Part of understanding the creative urge is understanding that itʼs primal. Wanting to change the world is not a noble calling; itʼs a primal calling.
We think weʼre “providing a superior integrated logistic system” or “helping America to really taste freshness.” In fact weʼre just pissed oﬀ and want to get the hell out of the cave and kill the woolly mammoth.
Your business either lets you go hunt the woolly mammoth or it doesnʼt. Of course, like so many white-collar jobs these days, you might very well be oﬀered a ton of money to sit in the corner-oﬃce cave and pretend that youʼre hunting. That is sad. Whatʼs even sadder is if you agree to take the money.
You have to ﬁnd your own shtick:
A Picasso always looks like Picasso painted it. Hemingway always sounds like Hemingway. A Beethoven Symphony always sounds like a Beethovenʼs Symphony. Part of being a Master is learning how to sing in nobody elseʼs voice but your own.
Every artist is looking for their big, deﬁnitive “Ah-Ha!” moment, whether theyʼre a Master or not. That moment where they ﬁnally ﬁnd their true voice, once and for all.
Jackson Pollack discovering splatter paint. Robert Ryman discovering all-white canvases. Andy Warhol discovering silkscreen. Hunter S. Thompson discovering Gonzo Journalism. Duchamp discovering the Found Object. Jasper Johns discovering the American Flag. Hemingway discovering brevity. James Joyce discovering stream-of-consciousness prose.
Was it luck? Perhaps a little bit.
But it wasnʼt the format that made the art great. It was the fact that somehow while playing around with something new, suddenly they found themselves able to put their entire selves into it.
Only then did it become their ʻshtick,ʼ their true voice, etc. Thatʼs what people responded to. The humanity, not the form. The voice, not the form. Put your whole self into it, and you will ﬁnd your true voice. Hold back and you wonʼt. Itʼs that simple.
How To Be Creative
Most of us are slaves of the stories we unconsciously tell ourselves about our lives. Freedom begins the moment we become conscious of the plot line we are living and, with this insight, recognize that we can step into another story altogether. Our experiences of life quite literally are defined by our assumptions. We make up stories about the world and to a great degree live out their plots. Carol S. Pearson
Alchemical Creativity and the Unconscious:
Our culture depends in many ways on the creation of standards and conventions that we all must adhere to. These conventions are often expressed in terms of opposites-good and evil, beautiful and ugly, painful and pleasurable, rational and irrational, intellectual and sensual. Believing in these opposites gives our world a sense of cohesion and comfort. To imagine that something can be intellectual and sensual, pleasurable and painful, real and unreal, good and bad, masculine and feminine is too chaotic and disturbing for us. Life, however, is more fluid and complex; our desires and experiences do not fit neatly into these tidy categories.

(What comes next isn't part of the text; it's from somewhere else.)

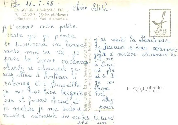 Nangis Hospice et vue d'ensemble aérienne Nangis postalisch nicht gelaufen 1965 Erhaltung siehe scans [FriedD77] Frierer

The real and the unreal are concepts that exist for us as ideas and constructions, and thus can be played with, altered, commanded, and transformed at will. Those who think in dualities-believing that there is such a thing as “real” and such a thing as “unreal,” and that they are distinct entities that can never become blended into a third, alchemical element - are creatively limited, and their work can quickly become dead and predictable. To maintain a dualistic approach to life requires that we repress many observable truths, but in our unconscious and in our dreams we often let go of the need to create categories for every thing, and are able to mix seemingly disparate and contradictory ideas and feelings together with ease.
Your task as a creative thinker is to actively explore the unconscious and contradictory parts of your personality, and to examine similar contradictions and tensions in the world at large. Expressing these tensions within your work in any medium will create a powerful effect on others, making them sense unconscious truths or feelings that have been obscured or repressed.
You look at society at large and the various contradictions that are rampant - for instance, the way in which a culture that espouses the ideal of free expression is charged with an oppressive code of political correctness that tamps free expression down. In science, you look for ideas that go against the existing paradigm, or that seem inexplicable because they are so contradictory. All of these contradictions contain a rich mine of information about a reality that is deeper and more complex than the one immediately perceived.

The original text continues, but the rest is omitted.